Prime Minister Donald Tusk told parliament on Tuesday that, according to security service findings, the railway incidents were carried out by two Ukrainian citizens who had long cooperated with Russian intelligence.

Despite this, Kremlin-linked outlets built a story about a grassroots “resistance movement” in Poland, allegedly driven by war fatigue and opposition to Tusk’s policies, said Jakub Olchowski of the Propaganda and Disinformation Research Team at Maria Curie-Skłodowska University and the Institute of Central Europe.

Olchowski told Polish news agency PAP that such narratives, like other Kremlin-directed themes, are designed both for Russia’s domestic audience and as an “export product” for foreign information spaces, including Poland’s.

According to Res Futura’s analysis, Russian sources described three groups as the supposed “Polish partisans”: Polish citizens opposed to arms deliveries to Ukraine, Ukrainian deserters and refugees infiltrating logistics, and radical political circles including conservative-nationalist or anti-system movements.

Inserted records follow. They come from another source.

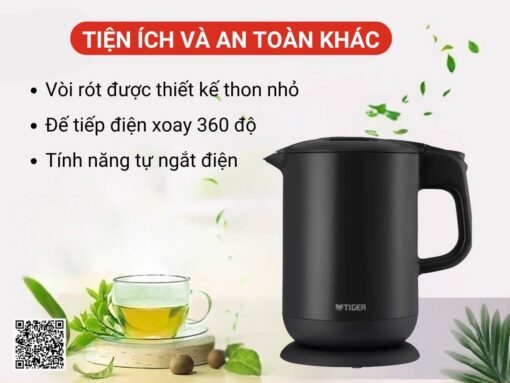 Ấm siêu tốc Tiger PCG-G10(HU) với dung tích 1 lít và công suất 1300W giúp đun sôi nước nhanh chóng chỉ trong 5-7 phút, tiện lợi để pha trà, cà phê, mì gói, pha sữa… Ruột ấm chất liệu inox 304 phủ fluoride cao cấp, chống gỉ và an toàn sức khoẻ. Vỏ ấm bằng nhựa cách nhiệt an toàn, màu đen dễ phù hợp với mọi không gian bếp. Đặc biệt là thiết kế nút nhấn khóa nước nóng trên nắp bình giúp chống tràn hiệu quả, bảo vệ an toàn khi sử dụng.
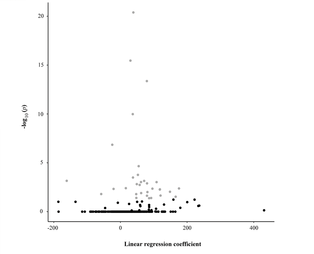 We analysed DNA methylation profiles using Sequenom MassARRAY EpiTYPER, a bisulphite-based technology that relies on base-specific cleavage and mass spectrometry and measures the level of methylation in amplicons containing one or more CpGs. To assess potential epigenetic changes during aging, the profiles were investigated in bisulfite-treated DNA samples collected from 381 subjects (48- to 107-year-old) of the discovery dataset. Specifically, we investigated a total of 1437 CpG sites located within CpG islands falling in candidate genes involved in mitochondrial biogenesis, mitophagy, fusion, and fission processes and annotated in the UCSC genome browser. Following stringent quality control criteria, a total of 500 CpG sites entered further analysis. The sequences of the CpG islands containing these sites and their chromosomal localization are shown in Figure S1. The results of the univariate linear regression analysis are presented in Table 1 and in Figure 1 in which we observed that 54 out of the 500 potential predictors are statistically significant after the Holm method to account for multiple testing. Changes of methylation levels with age at the 54 CpG sites are shown in Figure S2.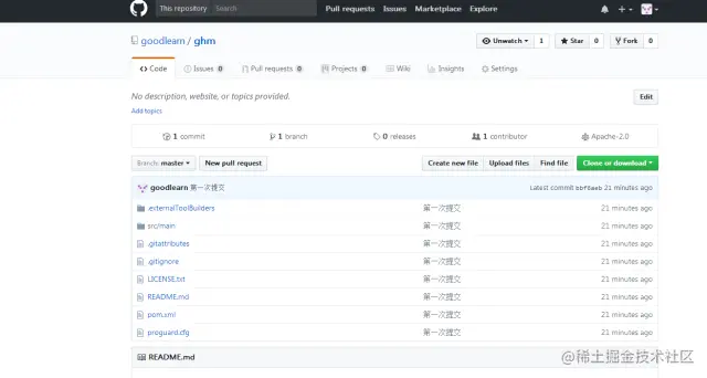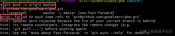 因为远程repository和我本地的repository冲突导致的,而我在创建版本库后,在github的版本库页面点击了创建README.md文件的按钮创建了说明文档,但是却没有pull到本地。这样就产生了版本冲突的问题

Their alleged goals were to disrupt military supplies, weaken elite morale and signal rejection of Poland’s Western alliances.

Olchowski said Moscow was encouraged by a coordinated drone and disinformation operation in September that combined kinetic and non-kinetic actions and, in his view, showed that Polish society is highly vulnerable to manipulation. The Kremlin is now trying to repeat that pattern, he added.

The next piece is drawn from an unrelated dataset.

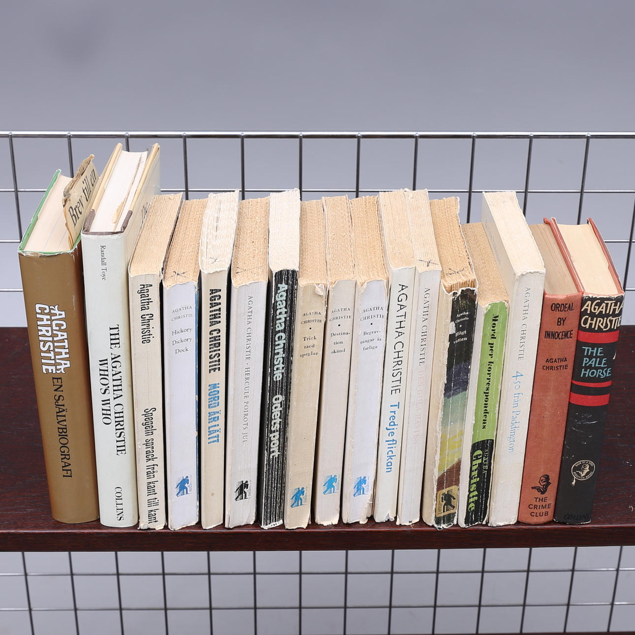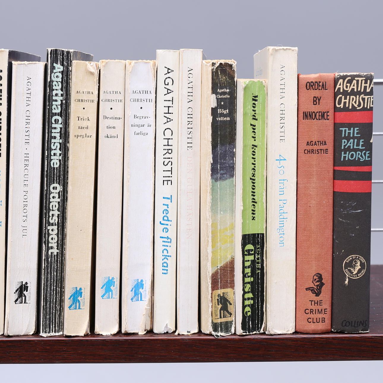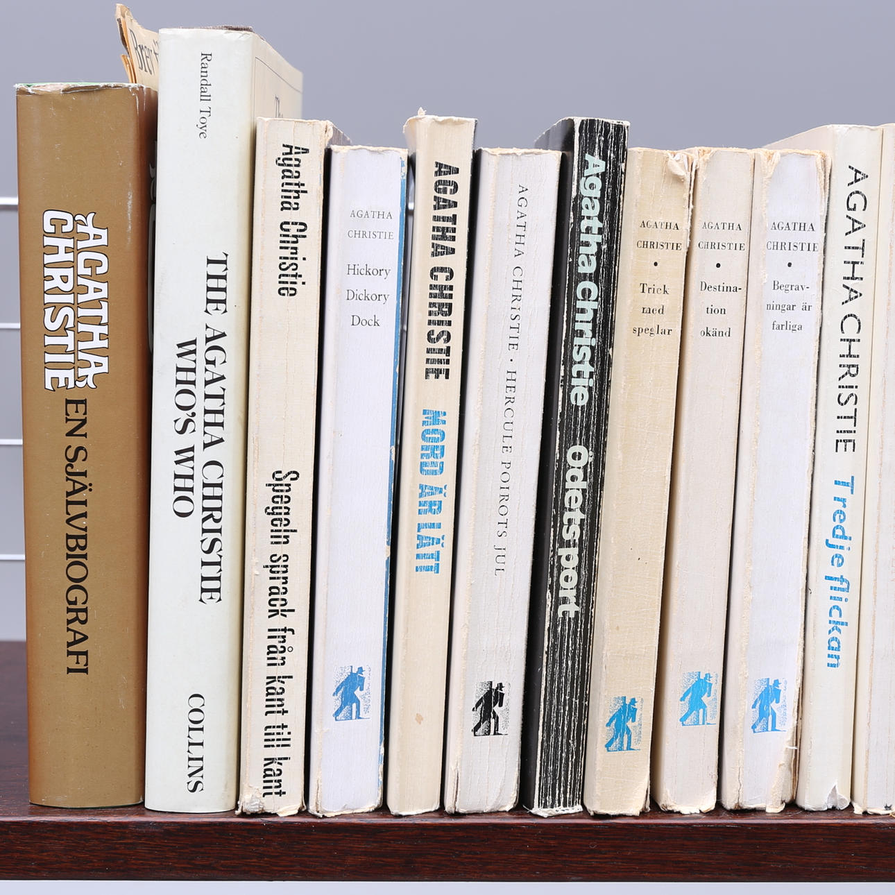 13 böcker på svenska, 2 på engelska, AC:s självbiografi samt "The Agatha Christie Who's Who" av Randall Toye.

He warned that the problem is not only pro-Russian trolls or fringe groups, but the ease with which ordinary users pick up and further spread such content.

The expert said portrayals of a “Polish resistance movement” fit neatly into broader Russian and Belarusian media depictions of Poland, which feature figures such as former Polish judge Tomasz Szmydt as evidence that Warsaw is “rusophobic” and hostile to citizens who favor good relations with Moscow and are “tired” of Ukraine.

Olchowski argued that openly pro-Russian messaging would not sell in Poland, but anti-Ukrainian narratives do, especially when they tap into historical grievances such as the World War Two-era Volhynia massacres. Kremlin propagandists treat slogans like “Volhynia, we remember” as an easy tool, he said, adding that messages blaming Ukrainians for the sabotage were quickly taken up by various groups, “with the Confederation party at the forefront.”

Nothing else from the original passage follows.